For this step, the model was retrained with both the training and valid set in order to achieve better quality. The best hyperparameter value found from Step 3 for each model was used.

Of the three models, the **Random Forest** model displayed the highest `accuracy_score` of `79.00%` on the test set with the `n_estimators` hyperparameter set to `6`.

The **Decision Tree** model came in second with an `accuracy_score` of `77.76%` on the test set with the `max_depth` hyperparameter set to `7`.

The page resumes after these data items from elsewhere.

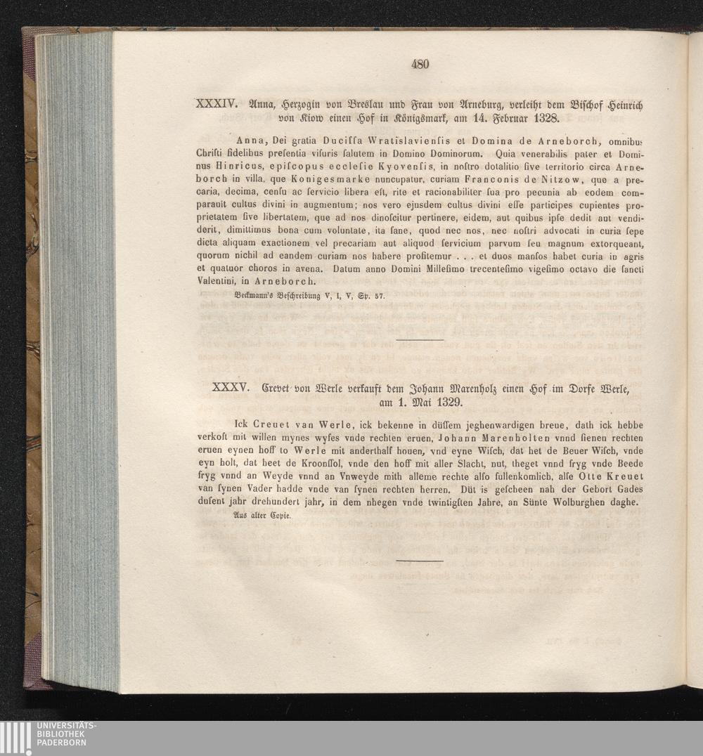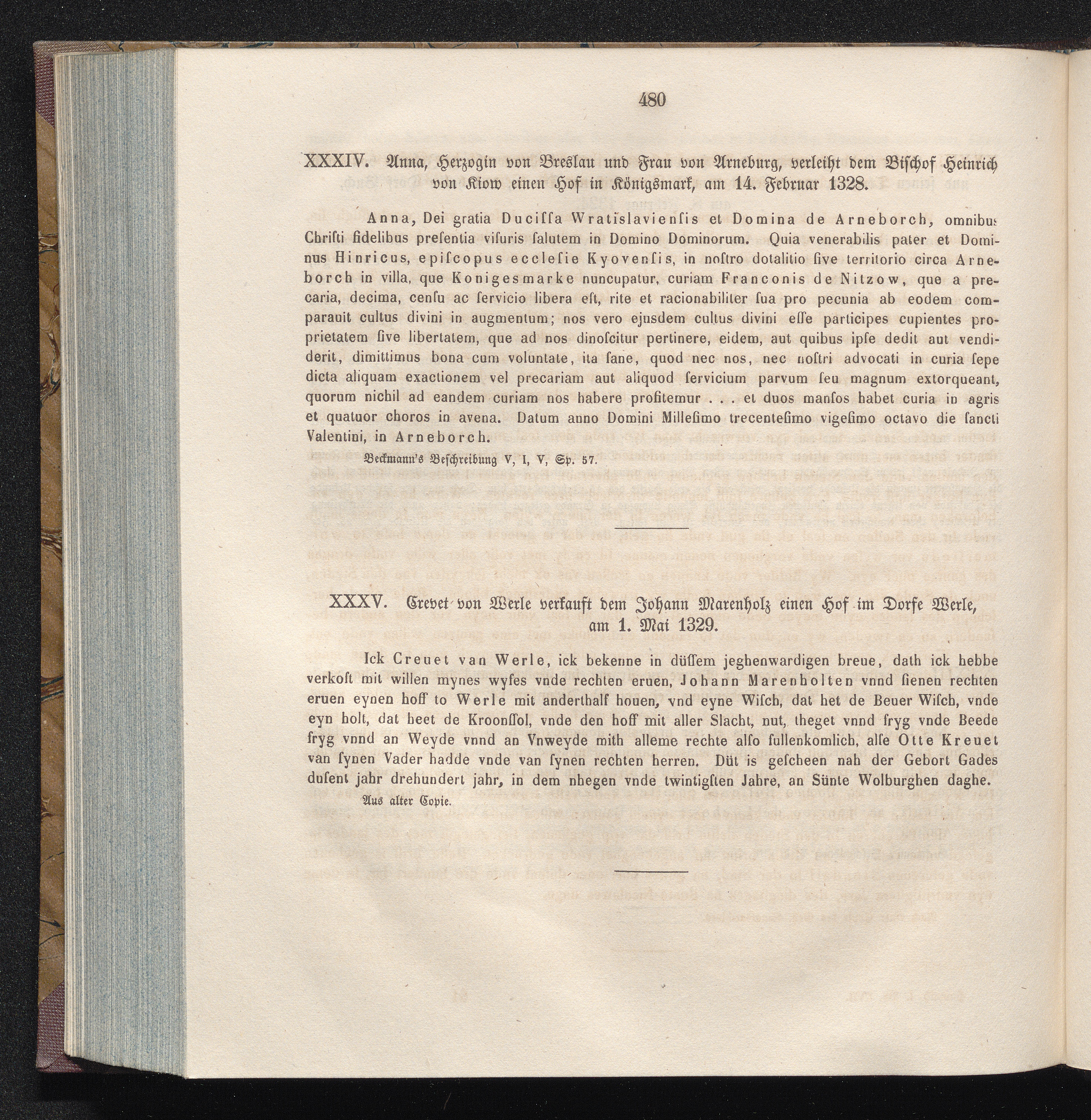 XXXV. Crevet von Werle verkauft dem Johann Marenholz einen Hof im Dorfe Werle, am[...]
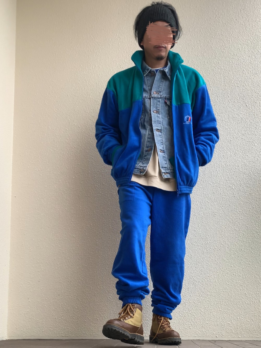 【HAIR BAND】kinema 【SETUP】フランス軍フリーストレーニングセットアップ(サイズ120/108) 【OUTER】Levi’sデニムジャケット70507(サイズL) 【SHOSE】RED WING 9875(サイズ8h) 《175cm/63kg》
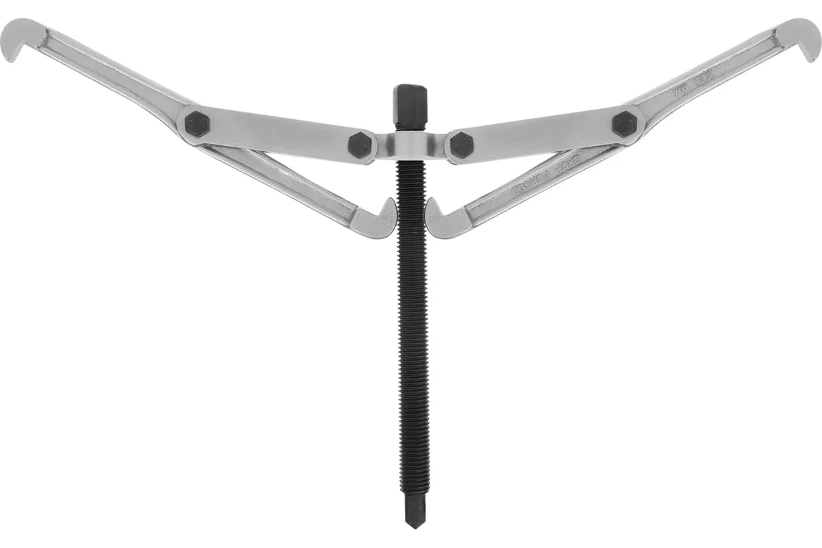 Механический съемник SPARTA 250 мм, двойной 525165 оснащен двумя поворотными двухсторонними захватами и силовым болтом с шестигранным наконечником. Упоры на лапах имеют одинаковую ширину. При перестановке захватов, их вылет меняется приблизительно в 1,5 раза.
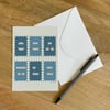 With a coastal color scheme of blue, green and beige, this notecard evokes the feel of the water surrounding Seattle.
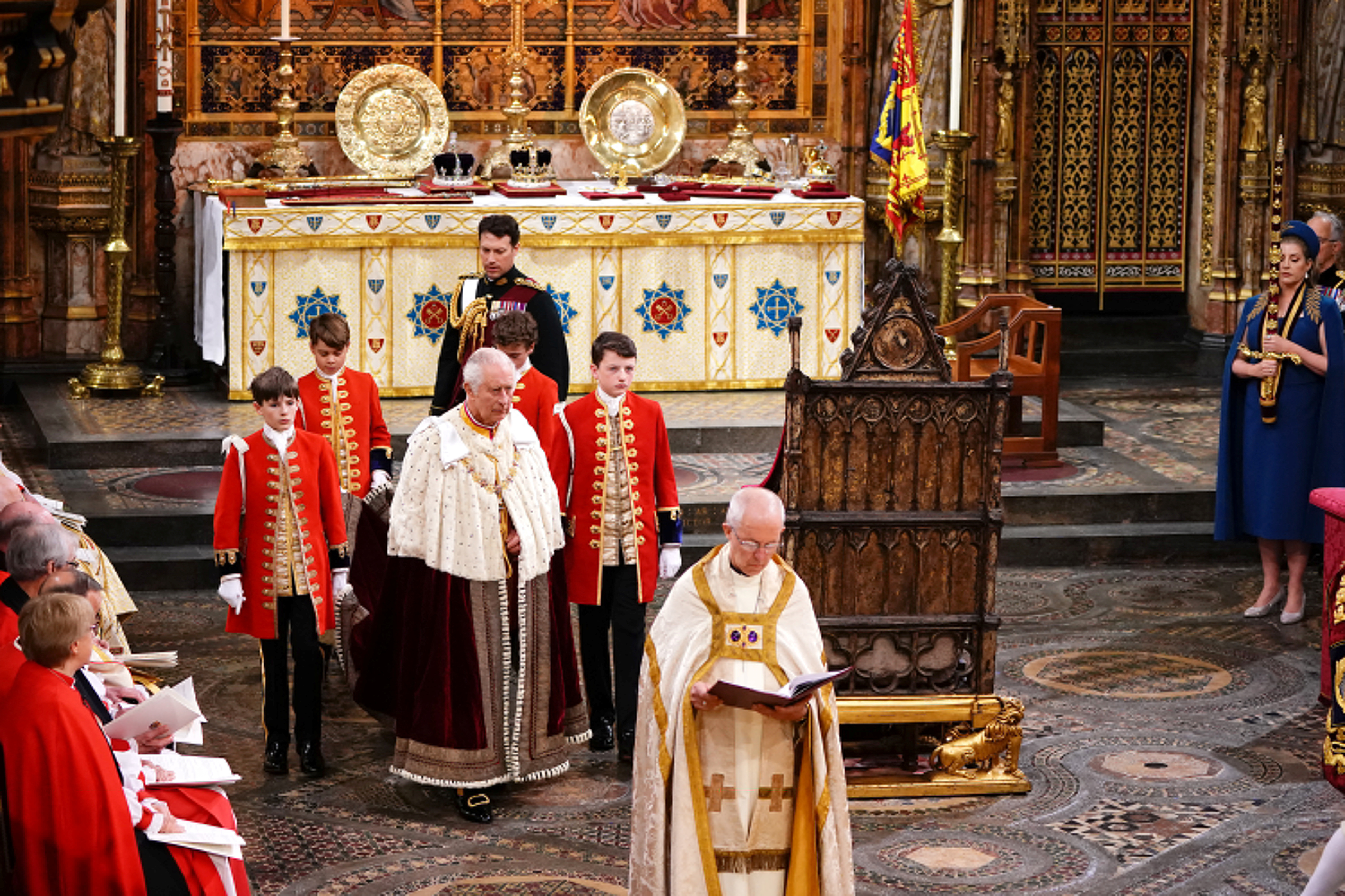 Η αλλαγή του ενδύματος γίνεται μέσα σε ένα εντυπωσιακό παραβάν, ενώ ψαλμωδίες που υμνούν τον νέο βασιλιά κατακλύζουν το Αβαείο του Ουέστμινστερ.
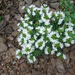 放置鉢から救出したこの植物。 枯れ枝みたいだったのに、こんなにたくさん花が咲いて、愛着湧きまくり😍❣️ どうしても名前が知りたくて辿り着いたのがこのアプリでした🌱✨ 『スカエボラ』って初めて知りました! 義祖父から義母へ、そして義母からお庭を譲り受け、手探りで始めた初めての土いじり…楽しんでいきたいと思います🙈💕
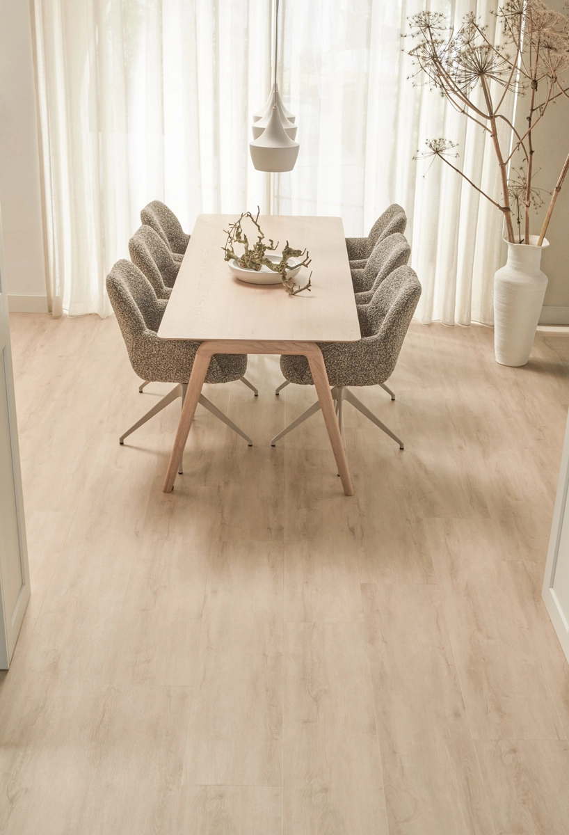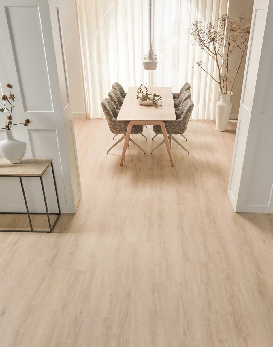De Landhuis Click PVC Crème Eik van Floer is ontworpen voor wie houdt van sfeer en gemak. De click-constructie maakt de vloer eenvoudig te leggen en zorgt voor een strak en solide geheel. De warme crème tint laat zich goed combineren met natuurlijke materialen, zachte stoffen en uiteenlopende woonstijlen.
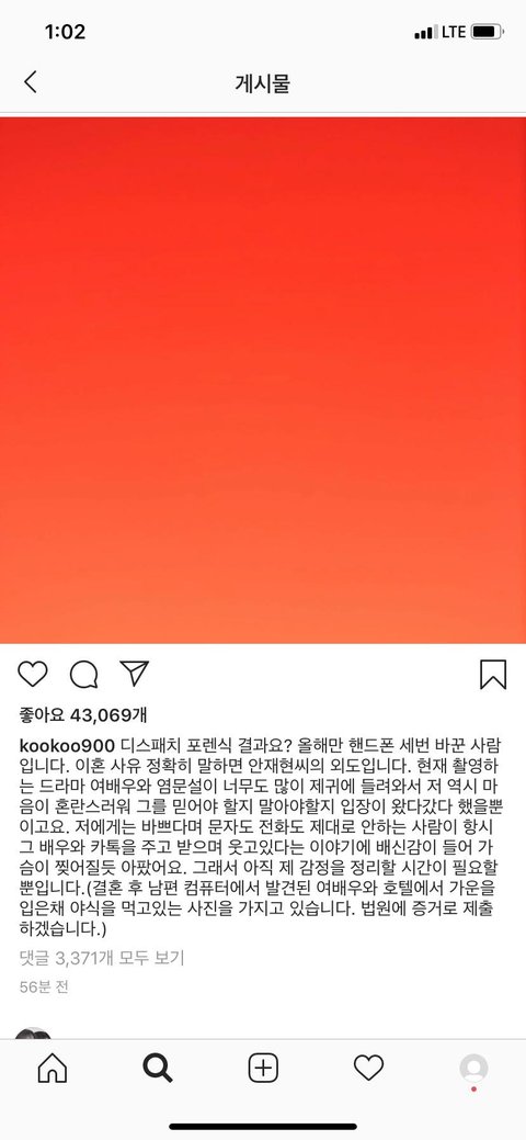 저 호텔에서 여배우 사진도. 신혼일기 방송에서 얘기했던거래. 결혼 전 전 여친 사진 본거 그거가지고 저러는거 같음. 이제 좀 이상해 보여
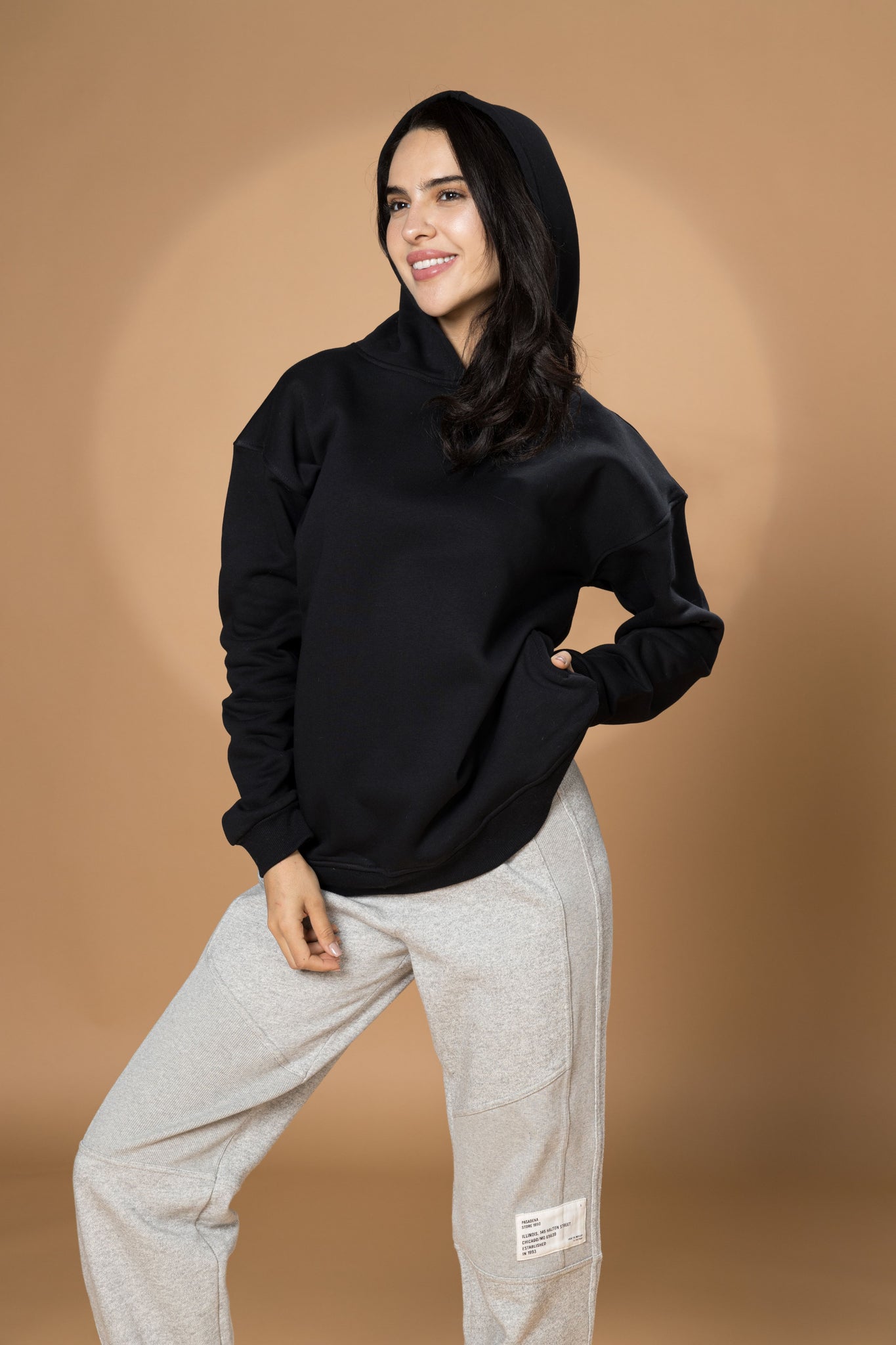 Elevate your style game with our black hoodie. Made with heavy cotton, it's perfect for any season. The versatile basic design is a must-have for your capsule wardrobe, while the side pocket adds functionality. Available in sizes S-XL. (Warning: you may never want to take it off!)
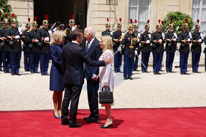 Joe Biden i jego żona Jill po przybyciu do Pałacu Elizejskiego w Paryżu z okazji wizyty państwowej we Francji
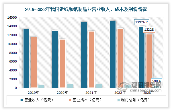 按照不雅研演讲网发布的《中国木材行业成长深度阐发取投资前景预测演讲(2024-2031年)》显示,颠末多年的成长,我国制纸工业逐渐成长强大,纸成品市场已从过去紧缺型变成根基均衡型,且已构成产需根基均衡的款式,大都产物已根基满脚国内市场需求。取此同时,制纸工业也越来沉视质量的提高。现正在正正在不竭调整财产布局,裁减规模小、污染大、能耗高的小型设备,同时积极投入高车速、大幅宽的新型制纸机。轮回、低碳、绿色经济曾经成为新的成长从题。虽然2023年因为市场需求削弱、原材料成本上升,以及外部变化等问题叠加,使得制纸行业全体出产和运转坚苦增加。但跟着财产对高质量成长和低碳绿色纸业的认识不竭提拔,通过加强立异能力,添加新动能,合理无效节制新减产能,制纸财产总体仍然连结不变成长态势。数据显示,2023年全国制纸和纸成品业停业收入13926。2亿元,同比下降2。4%;停业成本12228亿元,同比下降3。1%;利润总额508。4亿元,同比增加4。4%。

Lastly, the **Logistic Regression** model had an `accuracy_score` of `73.25%` on the test set with the `solver` hyperparameter set as `liblinear`.

### Step 5. Sanity check the model.

In [None]:
target_test.value_counts()

0    447
1    196
Name: is_ultra, dtype: int64

In [None]:
target_test.mean() # percentage of 1's in target_test

0.3048211508553655

In [None]:
1 - target_test.mean() # percentage of 0's in target_test

0.6951788491446345

### Conclusion

The class distribution of `target_test` was examined and has revealed that 30.48% of the set has the value `1` and 69.52% of the set has the value `0`.

Therefore, a model that always predicts 0 would be correct 69.52% of the time. All of the models that were investigated earlier have resulted in a higher accuracy percentage with the highest being 79% from the Random Forest model, indicating an improvement over a "dumb" model.